Since we are using stock returns, the values will always range from negative to positive, and the full range is of interest to us. Therefore, we will use a diverging color palette. type="div"
tells scale_fill_distiller
that we want a color palette that ranges from a dark shade of one color to a dark shade of another - in other words, a diverging palette. As you can see in the calendar heatmap, darker blue represents greater positive daily returns, whereas darker red represents greater negative returns.
palette=7
is the red to blue palette, which is appropriate here since negative returns are typically seen as bad, and positive good (a red to green may have been more appropriate considering this)
na='white'
tells scale_fill_distiller to fill with white any days with NA values. This will be the first value (January 2) since an NA was introduced when we calculated returns (the first date has no prior date to substract the price from).
limits=c(-.055, .055)
sets the boundaries of the color range. Since all values of returns fall within this range, and we want 0 to be white, I’ve set this manually.
labels=percent
uses the percent
function from the scales
package to convert the returns to percent format on the legend.
direction=1
indicates the direction of the colors. direction=-1
would run from blue to red
facet_grid
The facet_grid
function, in ggplot, is what splits the figure up into two year rows and 12 month columns: year~month
.
scales="free"
allows each month section to show only the week numbers that are present for that month, and not the full 52 of the year repeated for each month.
Summary
We now have a calendar heatmap of daily stock returns for the SPY ETF across 2018 and 2019. We can easily see that no weekday patterns are present, that there was a high degree of volatility from October through early January, and that February 5 and 8 were brutal days for this ETF (and the market in general since it tracks the S&P 500).

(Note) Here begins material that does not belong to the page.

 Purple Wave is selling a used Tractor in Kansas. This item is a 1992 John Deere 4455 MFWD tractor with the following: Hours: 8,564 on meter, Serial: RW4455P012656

Calendar heatmaps can be a great way of displaying your data if you want others to be able to easily note precise values at the day level as well as to detect patterns across the week, month, and year in a timeseries. With the flexibility of ggplot and other tidyverse packages, this can be applied to a wide variety of data sets, addressing many different goals.
The code:
library(tidyverse)
library(lubridate)
library(quantmod)
library(scales)
library(zoo)
library(kableExtra)
stock_xts <- getSymbols("SPY", auto.assign = FALSE, from="2018-01-01")

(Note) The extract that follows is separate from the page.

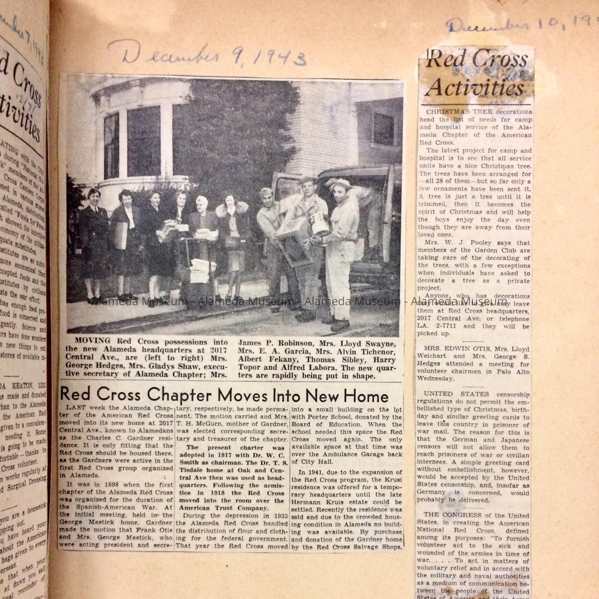 A SCRAPBOOK CONTAINING NEWSPAPER CLIPPINGS FROM THE PERIOD MARCH THROUGH DECEMBER 1943, PERTAINING TO ACTIVITIES OF THE ALAMEDA CHAPTER OF THE AMERICAN RED CROSS.

stock_df <- fortify.zoo(stock_xts)
stock_df %>%
mutate(year = year(Index),
month = month(Index, label = TRUE),
wkday = fct_relevel(wday(Index, label=TRUE),
c("Mon", "Tue","Wed","Thu","Fri","Sat","Sun")
),
day = day(Index),
wk = format(Index, "%W"),
returns = (.[[5]] - lag(.[[5]]))/lag(.[[5]])) %>%
select(year, month, wkday, day, wk, returns) %>%
ggplot(aes(wk, wkday, fill=returns)) +
geom_tile(color='black') +
geom_text(aes(label=day), size=3) +
labs(x='',
y='',
title="SPY") +
scale_fill_distiller(type="div"
,palette=7
,na.value = 'white'
,limits=c(-.055, .055)
,labels = percent
,direction=1
) +
theme(panel.background = element_blank(),
axis.ticks = element_blank(),
axis.text.x = element_blank(),
strip.background = element_rect("grey92")
) +
facet_grid(year~month, scales="free", space="free")